▶ [Task directions]: Each line below that contains the word "quality" must be copied.

▶ [Records provided]:
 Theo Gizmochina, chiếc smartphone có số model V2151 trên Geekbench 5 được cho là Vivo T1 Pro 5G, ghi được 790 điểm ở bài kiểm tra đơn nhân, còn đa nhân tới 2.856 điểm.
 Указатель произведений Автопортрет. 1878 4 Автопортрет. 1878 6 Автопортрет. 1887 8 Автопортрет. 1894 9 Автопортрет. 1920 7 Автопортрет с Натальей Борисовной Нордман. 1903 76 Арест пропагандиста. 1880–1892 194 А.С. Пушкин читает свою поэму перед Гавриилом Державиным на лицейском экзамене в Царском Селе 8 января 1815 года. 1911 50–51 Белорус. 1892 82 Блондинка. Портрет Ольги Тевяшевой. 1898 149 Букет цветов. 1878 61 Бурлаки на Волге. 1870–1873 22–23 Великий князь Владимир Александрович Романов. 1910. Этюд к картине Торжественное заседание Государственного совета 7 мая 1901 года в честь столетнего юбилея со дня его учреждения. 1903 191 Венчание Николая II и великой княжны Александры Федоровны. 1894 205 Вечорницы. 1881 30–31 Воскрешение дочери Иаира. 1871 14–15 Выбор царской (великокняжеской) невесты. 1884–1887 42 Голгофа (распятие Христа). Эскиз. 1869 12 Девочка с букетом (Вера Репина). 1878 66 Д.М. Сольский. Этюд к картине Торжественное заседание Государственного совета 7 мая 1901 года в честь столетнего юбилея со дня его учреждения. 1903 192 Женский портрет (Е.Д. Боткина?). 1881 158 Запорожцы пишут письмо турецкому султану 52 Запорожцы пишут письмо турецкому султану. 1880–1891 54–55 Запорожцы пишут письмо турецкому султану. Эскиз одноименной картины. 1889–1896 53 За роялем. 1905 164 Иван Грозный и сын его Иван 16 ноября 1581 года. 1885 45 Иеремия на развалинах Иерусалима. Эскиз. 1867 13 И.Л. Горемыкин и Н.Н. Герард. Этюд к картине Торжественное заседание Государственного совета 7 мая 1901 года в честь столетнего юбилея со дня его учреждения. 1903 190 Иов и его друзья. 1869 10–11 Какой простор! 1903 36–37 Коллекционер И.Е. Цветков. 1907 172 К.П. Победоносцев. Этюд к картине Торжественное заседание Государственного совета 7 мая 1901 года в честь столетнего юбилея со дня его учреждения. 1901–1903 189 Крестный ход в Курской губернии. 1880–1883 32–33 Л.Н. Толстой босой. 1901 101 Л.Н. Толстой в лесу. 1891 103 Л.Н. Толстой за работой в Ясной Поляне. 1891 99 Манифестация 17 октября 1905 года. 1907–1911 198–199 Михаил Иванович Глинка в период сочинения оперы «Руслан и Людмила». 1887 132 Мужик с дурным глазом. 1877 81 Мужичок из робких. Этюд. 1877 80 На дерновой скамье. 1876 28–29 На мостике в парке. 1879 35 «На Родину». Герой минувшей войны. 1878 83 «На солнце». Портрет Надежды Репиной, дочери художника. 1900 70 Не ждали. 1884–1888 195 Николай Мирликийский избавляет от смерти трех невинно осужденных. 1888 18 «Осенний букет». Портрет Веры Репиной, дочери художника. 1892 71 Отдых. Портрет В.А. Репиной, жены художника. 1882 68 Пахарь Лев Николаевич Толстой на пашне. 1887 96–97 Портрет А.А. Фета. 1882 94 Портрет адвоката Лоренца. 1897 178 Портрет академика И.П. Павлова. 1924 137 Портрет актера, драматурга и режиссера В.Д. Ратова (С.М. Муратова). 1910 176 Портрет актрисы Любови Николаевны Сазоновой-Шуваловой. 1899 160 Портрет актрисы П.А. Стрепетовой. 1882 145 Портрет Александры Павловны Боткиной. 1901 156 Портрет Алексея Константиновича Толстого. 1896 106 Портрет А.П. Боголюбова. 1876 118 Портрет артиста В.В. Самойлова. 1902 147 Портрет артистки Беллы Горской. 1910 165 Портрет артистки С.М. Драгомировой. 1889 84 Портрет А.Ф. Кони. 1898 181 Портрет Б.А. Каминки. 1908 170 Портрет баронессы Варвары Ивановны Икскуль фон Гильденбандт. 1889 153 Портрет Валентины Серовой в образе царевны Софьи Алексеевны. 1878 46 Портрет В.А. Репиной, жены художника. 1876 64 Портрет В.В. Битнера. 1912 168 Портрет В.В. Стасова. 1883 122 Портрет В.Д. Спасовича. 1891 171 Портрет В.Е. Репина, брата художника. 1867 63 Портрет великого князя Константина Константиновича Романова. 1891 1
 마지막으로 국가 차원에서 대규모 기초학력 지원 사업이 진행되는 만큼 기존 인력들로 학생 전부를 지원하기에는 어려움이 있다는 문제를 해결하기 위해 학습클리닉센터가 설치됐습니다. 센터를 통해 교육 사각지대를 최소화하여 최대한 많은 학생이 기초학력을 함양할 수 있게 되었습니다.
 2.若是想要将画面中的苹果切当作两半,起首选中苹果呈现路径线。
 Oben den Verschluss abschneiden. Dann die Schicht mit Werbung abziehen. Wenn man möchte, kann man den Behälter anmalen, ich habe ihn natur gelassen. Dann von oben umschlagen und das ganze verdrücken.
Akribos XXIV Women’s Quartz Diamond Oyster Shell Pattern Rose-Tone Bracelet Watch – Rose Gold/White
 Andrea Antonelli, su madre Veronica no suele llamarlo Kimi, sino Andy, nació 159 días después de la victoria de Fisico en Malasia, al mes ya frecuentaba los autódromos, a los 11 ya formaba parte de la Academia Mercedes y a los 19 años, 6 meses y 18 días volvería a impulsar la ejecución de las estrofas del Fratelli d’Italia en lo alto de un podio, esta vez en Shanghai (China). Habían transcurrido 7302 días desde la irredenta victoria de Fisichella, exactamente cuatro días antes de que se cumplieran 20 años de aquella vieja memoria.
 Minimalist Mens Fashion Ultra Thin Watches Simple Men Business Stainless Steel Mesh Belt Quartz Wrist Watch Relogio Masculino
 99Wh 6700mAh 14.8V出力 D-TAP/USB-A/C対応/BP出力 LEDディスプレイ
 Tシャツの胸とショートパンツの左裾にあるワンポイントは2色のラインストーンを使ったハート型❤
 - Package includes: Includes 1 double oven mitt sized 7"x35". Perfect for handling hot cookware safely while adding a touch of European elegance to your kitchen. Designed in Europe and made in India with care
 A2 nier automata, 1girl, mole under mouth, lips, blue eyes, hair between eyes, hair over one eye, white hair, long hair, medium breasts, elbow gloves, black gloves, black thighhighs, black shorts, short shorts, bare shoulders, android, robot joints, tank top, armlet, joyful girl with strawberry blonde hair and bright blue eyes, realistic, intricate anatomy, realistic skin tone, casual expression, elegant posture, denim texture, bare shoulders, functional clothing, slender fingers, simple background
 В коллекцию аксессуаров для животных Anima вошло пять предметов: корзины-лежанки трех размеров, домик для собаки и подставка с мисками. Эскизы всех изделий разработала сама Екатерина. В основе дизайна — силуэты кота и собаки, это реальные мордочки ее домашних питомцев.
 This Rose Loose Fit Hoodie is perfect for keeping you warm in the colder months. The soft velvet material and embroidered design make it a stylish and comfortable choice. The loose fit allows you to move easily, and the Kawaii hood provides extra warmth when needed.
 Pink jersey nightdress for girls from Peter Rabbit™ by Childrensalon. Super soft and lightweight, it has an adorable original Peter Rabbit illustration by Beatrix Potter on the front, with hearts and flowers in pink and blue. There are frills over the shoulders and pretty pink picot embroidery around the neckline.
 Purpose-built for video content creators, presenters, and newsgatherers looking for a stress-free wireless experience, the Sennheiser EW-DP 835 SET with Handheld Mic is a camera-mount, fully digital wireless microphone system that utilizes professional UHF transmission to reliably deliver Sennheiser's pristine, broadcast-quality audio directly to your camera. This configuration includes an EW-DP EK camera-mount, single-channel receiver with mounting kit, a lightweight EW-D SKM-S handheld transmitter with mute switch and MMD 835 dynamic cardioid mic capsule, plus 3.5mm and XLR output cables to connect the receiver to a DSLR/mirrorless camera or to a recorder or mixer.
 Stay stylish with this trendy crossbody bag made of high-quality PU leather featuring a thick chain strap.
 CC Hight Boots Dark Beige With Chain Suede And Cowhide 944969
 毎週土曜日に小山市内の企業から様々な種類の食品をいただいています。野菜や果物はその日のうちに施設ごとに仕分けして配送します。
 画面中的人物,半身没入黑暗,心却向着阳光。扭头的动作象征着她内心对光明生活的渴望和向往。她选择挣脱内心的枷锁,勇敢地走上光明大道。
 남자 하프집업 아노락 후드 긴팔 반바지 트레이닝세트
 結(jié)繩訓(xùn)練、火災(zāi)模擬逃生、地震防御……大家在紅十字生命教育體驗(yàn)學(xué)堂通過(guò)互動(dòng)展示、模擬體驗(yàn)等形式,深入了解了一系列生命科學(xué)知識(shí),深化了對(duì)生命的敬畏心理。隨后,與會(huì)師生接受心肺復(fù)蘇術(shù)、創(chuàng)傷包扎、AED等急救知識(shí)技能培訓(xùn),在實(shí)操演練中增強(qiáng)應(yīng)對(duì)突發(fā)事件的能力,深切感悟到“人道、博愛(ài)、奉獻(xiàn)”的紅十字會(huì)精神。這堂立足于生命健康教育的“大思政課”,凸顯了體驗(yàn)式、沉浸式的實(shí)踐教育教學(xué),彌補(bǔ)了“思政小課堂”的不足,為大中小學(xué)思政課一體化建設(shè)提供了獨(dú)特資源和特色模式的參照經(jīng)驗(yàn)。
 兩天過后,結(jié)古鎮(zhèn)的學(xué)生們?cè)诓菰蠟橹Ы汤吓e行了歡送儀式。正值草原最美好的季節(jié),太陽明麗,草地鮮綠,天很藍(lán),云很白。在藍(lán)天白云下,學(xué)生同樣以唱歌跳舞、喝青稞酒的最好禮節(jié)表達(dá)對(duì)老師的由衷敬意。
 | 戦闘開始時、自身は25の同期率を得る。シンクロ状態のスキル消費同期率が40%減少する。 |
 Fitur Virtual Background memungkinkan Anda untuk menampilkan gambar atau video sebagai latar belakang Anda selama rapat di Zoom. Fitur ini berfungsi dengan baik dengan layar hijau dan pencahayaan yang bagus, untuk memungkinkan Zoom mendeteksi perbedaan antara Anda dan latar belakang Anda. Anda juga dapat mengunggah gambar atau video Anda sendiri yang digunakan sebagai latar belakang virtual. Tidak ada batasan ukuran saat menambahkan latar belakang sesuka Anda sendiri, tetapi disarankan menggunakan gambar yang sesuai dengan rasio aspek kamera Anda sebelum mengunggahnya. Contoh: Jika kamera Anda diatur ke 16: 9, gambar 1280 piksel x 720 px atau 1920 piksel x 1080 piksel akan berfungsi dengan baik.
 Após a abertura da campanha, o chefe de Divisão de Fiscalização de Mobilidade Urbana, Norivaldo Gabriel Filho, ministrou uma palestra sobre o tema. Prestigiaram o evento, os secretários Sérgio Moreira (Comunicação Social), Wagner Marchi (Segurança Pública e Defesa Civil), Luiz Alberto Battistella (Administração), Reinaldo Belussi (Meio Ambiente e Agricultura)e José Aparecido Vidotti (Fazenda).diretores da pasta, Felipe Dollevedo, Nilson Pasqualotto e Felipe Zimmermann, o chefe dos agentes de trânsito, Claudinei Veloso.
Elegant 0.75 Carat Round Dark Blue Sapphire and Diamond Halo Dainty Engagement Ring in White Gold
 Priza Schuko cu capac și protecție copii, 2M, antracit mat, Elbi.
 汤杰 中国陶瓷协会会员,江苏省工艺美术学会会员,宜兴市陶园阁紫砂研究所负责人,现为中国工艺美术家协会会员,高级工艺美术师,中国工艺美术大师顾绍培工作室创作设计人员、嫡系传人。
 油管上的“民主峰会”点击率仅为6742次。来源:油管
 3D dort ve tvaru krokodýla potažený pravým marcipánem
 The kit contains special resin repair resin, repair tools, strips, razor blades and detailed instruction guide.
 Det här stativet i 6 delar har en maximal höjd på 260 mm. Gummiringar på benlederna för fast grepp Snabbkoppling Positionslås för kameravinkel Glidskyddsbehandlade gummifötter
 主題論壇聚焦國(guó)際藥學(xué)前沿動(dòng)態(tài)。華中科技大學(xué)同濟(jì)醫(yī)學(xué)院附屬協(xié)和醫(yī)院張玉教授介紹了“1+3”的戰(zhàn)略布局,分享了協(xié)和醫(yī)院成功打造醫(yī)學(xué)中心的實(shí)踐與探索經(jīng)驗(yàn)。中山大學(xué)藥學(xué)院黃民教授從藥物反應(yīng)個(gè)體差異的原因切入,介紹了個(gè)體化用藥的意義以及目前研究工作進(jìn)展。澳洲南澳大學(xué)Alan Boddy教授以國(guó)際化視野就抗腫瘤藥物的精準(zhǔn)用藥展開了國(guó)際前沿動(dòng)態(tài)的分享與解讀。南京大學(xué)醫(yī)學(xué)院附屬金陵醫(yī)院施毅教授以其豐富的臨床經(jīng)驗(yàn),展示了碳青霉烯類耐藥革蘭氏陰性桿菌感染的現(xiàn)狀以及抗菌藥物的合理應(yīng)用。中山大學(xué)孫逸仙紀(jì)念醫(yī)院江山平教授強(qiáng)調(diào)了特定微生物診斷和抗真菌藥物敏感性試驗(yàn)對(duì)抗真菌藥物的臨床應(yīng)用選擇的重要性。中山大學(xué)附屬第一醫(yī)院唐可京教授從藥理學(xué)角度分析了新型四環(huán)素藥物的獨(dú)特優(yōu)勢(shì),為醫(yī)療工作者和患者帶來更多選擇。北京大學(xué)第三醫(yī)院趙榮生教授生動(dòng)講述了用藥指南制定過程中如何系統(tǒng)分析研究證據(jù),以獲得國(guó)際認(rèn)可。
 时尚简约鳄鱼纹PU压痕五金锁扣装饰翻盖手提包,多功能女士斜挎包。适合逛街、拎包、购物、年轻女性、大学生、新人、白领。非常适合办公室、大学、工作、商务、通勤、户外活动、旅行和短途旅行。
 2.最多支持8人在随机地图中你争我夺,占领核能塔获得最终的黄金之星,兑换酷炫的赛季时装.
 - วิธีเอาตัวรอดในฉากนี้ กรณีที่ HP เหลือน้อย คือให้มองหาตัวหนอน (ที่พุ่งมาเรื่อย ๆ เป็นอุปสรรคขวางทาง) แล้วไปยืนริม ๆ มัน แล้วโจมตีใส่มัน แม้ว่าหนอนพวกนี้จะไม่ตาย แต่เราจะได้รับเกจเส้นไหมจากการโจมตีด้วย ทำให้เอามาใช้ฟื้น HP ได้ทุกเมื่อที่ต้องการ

▶ [Expected output]:
 Purpose-built for video content creators, presenters, and newsgatherers looking for a stress-free wireless experience, the Sennheiser EW-DP 835 SET with Handheld Mic is a camera-mount, fully digital wireless microphone system that utilizes professional UHF transmission to reliably deliver Sennheiser's pristine, broadcast-quality audio directly to your camera. This configuration includes an EW-DP EK camera-mount, single-channel receiver with mounting kit, a lightweight EW-D SKM-S handheld transmitter with mute switch and MMD 835 dynamic cardioid mic capsule, plus 3.5mm and XLR output cables to connect the receiver to a DSLR/mirrorless camera or to a recorder or mixer.
 Stay stylish with this trendy crossbody bag made of high-quality PU leather featuring a thick chain strap.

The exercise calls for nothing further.